American retired basketball player (born 1949)

Curtis Rowe Jr. (born July 2, 1949) is an American former professional basketball player.

A 6'7" forward from UCLA, Rowe was drafted by the Dallas Chaparrals in the 1971 ABA Draft and by the Detroit Pistons in the first round of the 1971 NBA draft. Rowe opted to sign with Detroit and the NBA.

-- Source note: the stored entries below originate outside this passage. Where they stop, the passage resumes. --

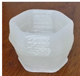
Modèle 3 (Goblet de forme hexagonale)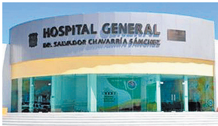
La adolescente dio a luz a un bebé varón en el Hospital General.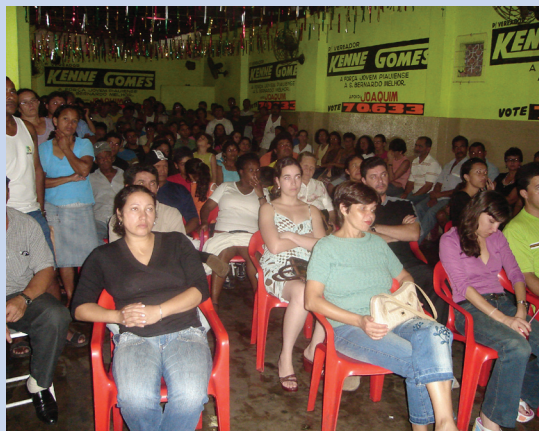
Assembléia no Jd. Falcão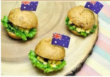
迷你田園漢堡 Mini Vegetable Club Hamburger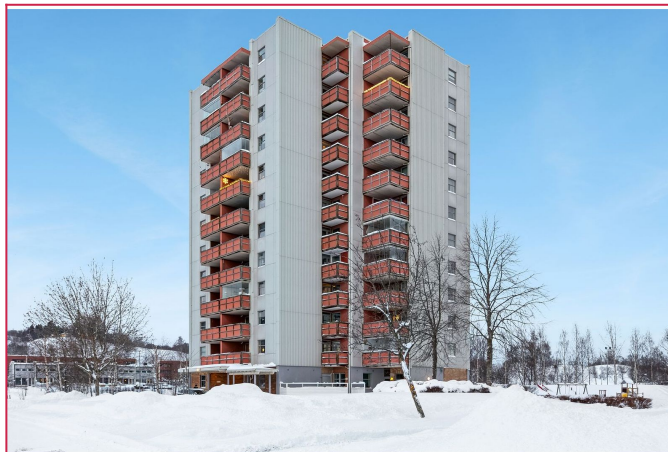
Fasade - stor oppstillingsplass for bil rett utenfor bygget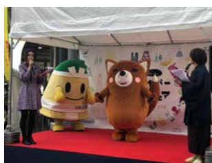
<東京・有楽町出展の様子>

Rowe played eight seasons (1971–1979) in the National Basketball Association as a member of the Detroit Pistons and the Boston Celtics. He averaged 11.6 points per game in his career and appeared in the 1976 NBA All-Star Game.

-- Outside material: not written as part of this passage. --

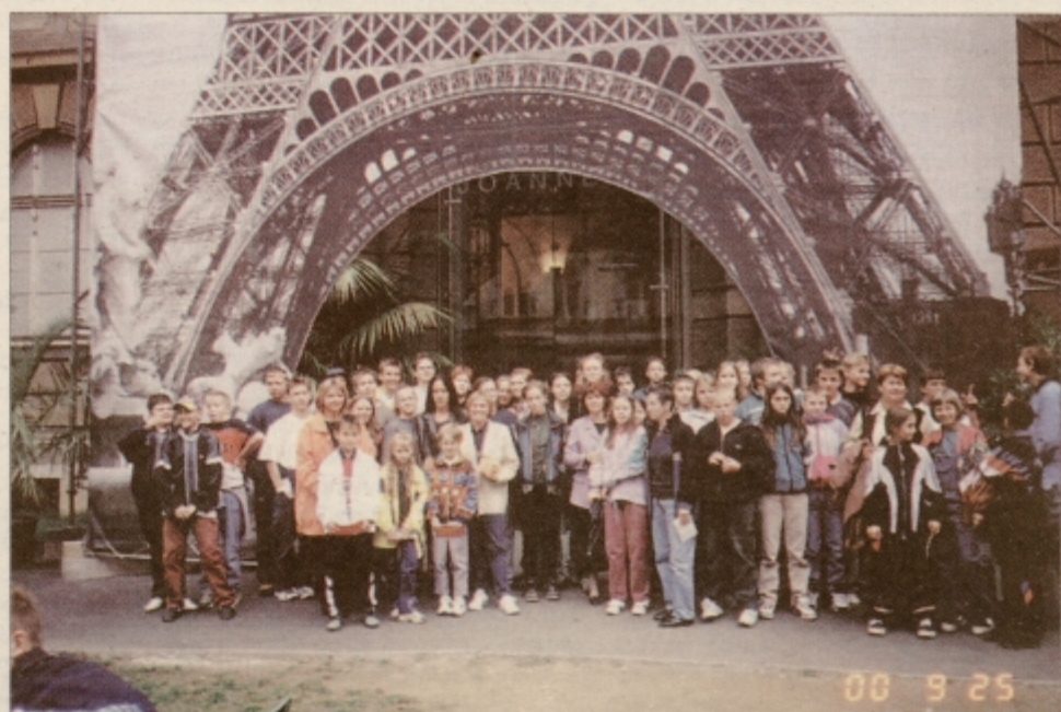
Mladi likovniki iz slovenjebistriške in oplotniške občine pred graškim deželnim muzejem Joanneumom po ogledu pregledne razstave Paula Gauguina.

At UCLA, he was a member of three national championship teams coached by John Wooden: 1969, 1970 and 1971. He was one of only 4 players to have started on 3 NCAA championship teams; the others were all teammates at UCLA: Lew Alcindor, Henry Bibby and Lynn Shackelford.

In 1993, Rowe was inducted to the UCLA Athletics Hall of Fame.

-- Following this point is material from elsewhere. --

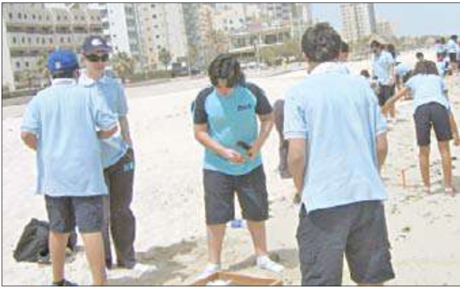
الطلاب يجمعون عينات للتحليل

أقامت مدرسة البيان ثنائية اللغة رحلة ميدانية لطلاب الصف السابع، لتفقد واستكشاف الصحة البيئية والبحرية لأحد الشواطئ المحلية. وخلال الرحلة حلل الطلاب عينات خاصة من الشاطئ، لجمع أدلة فرضية لتحديد إذا ما كانت بيئة الشاطئ صحية أم لا، وبهذا يكونون قد طبقوا ما درسوه عملياً.

== NBA career statistics ==

=== Regular season ===

| Year | Team | GP | MPG | FG% | FT% | RPG | APG | STL | BLK | PPG |
|---|---|---|---|---|---|---|---|---|---|---|
| 1971–72 | Detroit | 82 | 32.5 | .460 | .669 | 8.5 | 1.2 | – | – | 11.3 |
| 1972–73 | Detroit | 81 | 37.1 | .519 | .642 | 9.4 | 2.1 | – | – | 16.1 |
| 1973–74 | Detroit | 82 | 30.5 | .494 | .698 | 6.3 | 1.7 | .6 | .4 | 10.7 |
| 1974–75 | Detroit | 82 | 34.0 | .483 | .753 | 7.1 | 1.5 | .6 | .5 | 12.4 |
| 1975–76 | Detroit | 80 | 37.5 | .468 | .737 | 8.7 | 2.3 | .6 | .6 | 16.0 |
| 1976–77 | Boston | 79 | 27.7 | .498 | .708 | 7.1 | 1.4 | .3 | .6 | 10.1 |
| 1977–78 | Boston | 51 | 17.9 | .451 | .742 | 4.0 | .9 | .3 | .2 | 6.1 |
| 1978–79 | Boston | 53 | 23.1 | .436 | .693 | 4.6 | 1.3 | .3 | .2 | 6.7 |
| Career |  | 590 | 31.0 | .482 | .701 | 7.2 | 1.6 | .5 | .5 | 11.6 |
| All-Star |  | 1 | 8.0 | .000 | .500 | 2.0 | .0 | – | – | 1.0 |

=== Playoffs ===

| Year | Team | GP | MPG | FG% | FT% | RPG | APG | STL | BLK | PPG |
|---|---|---|---|---|---|---|---|---|---|---|
| 1974 | Detroit | 7 | 32.7 | .481 | .615 | 7.4 | 1.6 | .4 | .9 | 8.3 |
| 1975 | Detroit | 3 | 38.3 | .515 | .526 | 8.7 | 5.0 | .3 | 1.7 | 14.7 |
| 1976 | Detroit | 9 | 38.4 | .477 | .853 | 7.8 | 2.9 | .7 | .9 | 15.0 |
| 1977 | Boston | 9 | 26.3 | .471 | .759 | 8.0 | 1.1 | .1 | .4 | 9.6 |
| Career |  | 28 | 33.1 | .481 | .726 | 7.9 | 2.2 | .4 | .8 | 11.5 |

== Personal life ==
Curtis Rowe is the father of comedian Cameron Rowe.